Im offenen Brief heißt es weiter: „Wir haben bereits schon früher im Fall NABU reklamiert, dass dieser ebenfalls vom Büro Dr. Grossmann als Mitarbeiter und damit unseres Erachtens auf der Gehaltsliste aufgeführt wurde. Der NABU durfte dann gegenüber dem Landratsamt das unter seiner Mitwirkung erstandene Gutachten auch noch als völlig in Ordnung bestätigen. Was müssen wir noch alles an Ungereimtheiten und zweifelhaften Machenschaften – bis hin zur Täuschung – im Zusammenhang mit Baugesuch aufdecken, um klar zu machen, dass hier nicht nur moralische Ansprüche aufs Übelste verletzt wurden, sondern auch rechtlich höchst fragwürdige Vorgänge ohne Beanstandungen durch das Balinger Landratsamt geblieben sind?“ fragen die Verfasser des Schreibens. Sie erwarten nun, „dass dem von uns in Auftrag gegebenen und vorgelegten Gutachten der neutral und wissenschaftlich korrekt agierenden Frau Dr. Gschweng die Bedeutung beigemessen wird, die dazu führen muss, dass in dem Vorhabengebiet nicht ein einziges Windrad gebaut werden darf“.

Die Behörden werden aufgefordert, die erteilte Teilbaugenehmigung jetzt zurückzunehmen. Die Bürgerinitiative jedenfalls will sich weitere, auch rechtliche Schritte vorbehalten, „um diese dubiosen Vorgänge im Zusammenhang mit diesem Windräderprojekt anzuzeigen“.

Wir haben gestern per Mail dem Planungsbüro Grossmann Gelegenheit gegeben, sich zu den erhobenen Vorwürfen zu äußern, aber noch keine Antwort erhalten. Das Landratsamt in Balingen hat reagiert.

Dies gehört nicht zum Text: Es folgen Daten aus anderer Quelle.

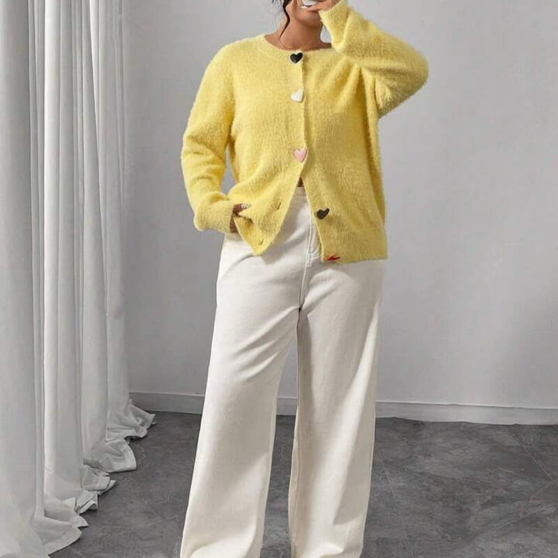 The defining feature is the row of delicate heart-shaped buttons. This playful detail injects personality and a subtle romantic flair into the design, transforming a simple cardigan into a conversation piece. It’s a small touch that makes a big impact on the overall aesthetic.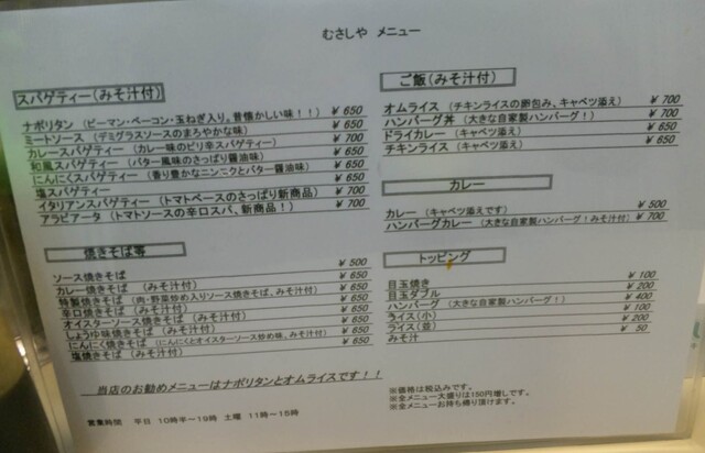 早速メニューを見ると、メニューはスパ、焼きそば、ご飯系、カレーと結構豊富!! (。≖ฺ‿ฺ≖ฺ)ニタァ
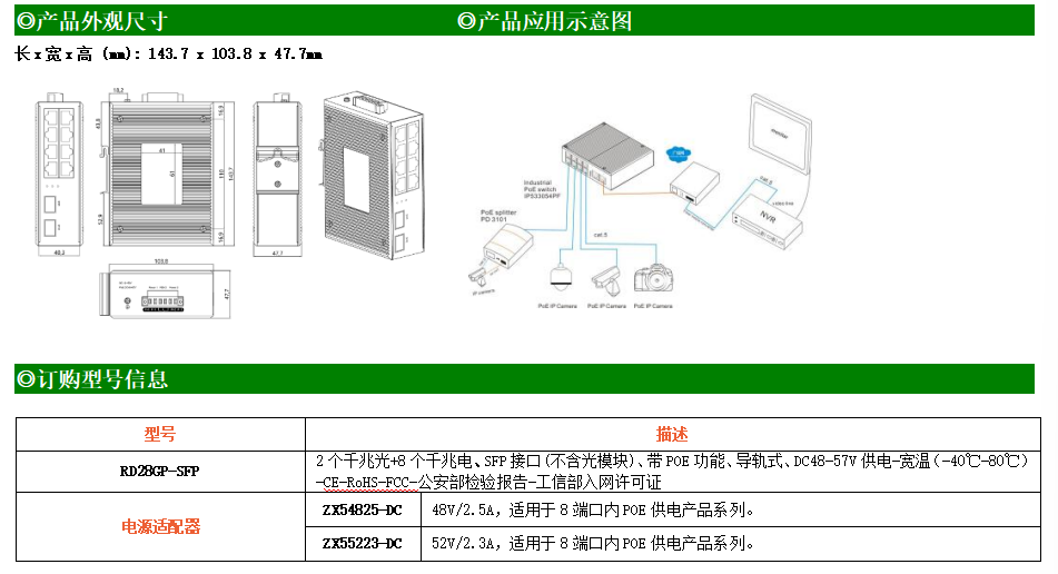 8路千兆POE電口+2路千兆FX光口工業級以太網POE交換機,支持8個10/100/1000Base-TX電口和2個1000Base-X光口。產品符合FCC、CE、ROHS標準。RD28GP-SFP交換機具有-40℃~80℃的工作溫度,具有超強的堅固度能適應各種嚴苛環境,也可以非常方便的安置在空間緊湊的控制箱中。導軌的安裝特性、寬溫操作及擁有IP40防護等級的外殼及LED指示燈,使RD28GP-SFP成為一個即插即用的工業級設備,為用戶的以太網設備聯網提供可靠、便捷的解決方案。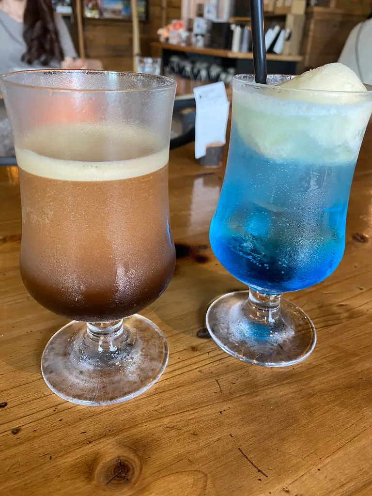 右:銭函夏色クリームソーダ まずネーミングがかわいい。地名が入っているのも好感が持てます。ソーダはさわやかな酸味があり、それほど甘くなくノンアルコールカクテルのような味わい。バニラアイスとの相性もバツグン。

Wir haben gestern in der Pressestelle nachgefragt, ob den Genehmigungsbehörden eine Zusammen arbeit von Jonas Scheck und dem Büro Grossmann bekannt sei und wie das Landratsamt als Baurechtsbehörde diese Erkenntnis werte.

Die immissionsschutzrechtliche Teilgenehmigung „wurde am 9. Dezember 2016 für vier Windenergieanlagen in Winterlingen erteilt. Grundlage der Entscheidung des Landratsamtes war das vom Büro Dr. Grossmann gefertigte Gutachten mit spezieller artenschutzrechtlicher Prüfung, welches vom Umweltamt fachlich geprüft wurde“, hält das Landratsamt am Status quo und der getroffenen Entscheidung fest. Pressesprecherin Marisa Hahn verweist außerdem auf den Zeitfaktor.

Das von der Gemeinde Bitz bei Jonas Scheck in Auftrag gegebene Gutachten stamme vom September 2017 „und war damit nicht Gegenstand der Entscheidung des Landratsamtes“, enthält sich die Behörde jeglicher Wertung.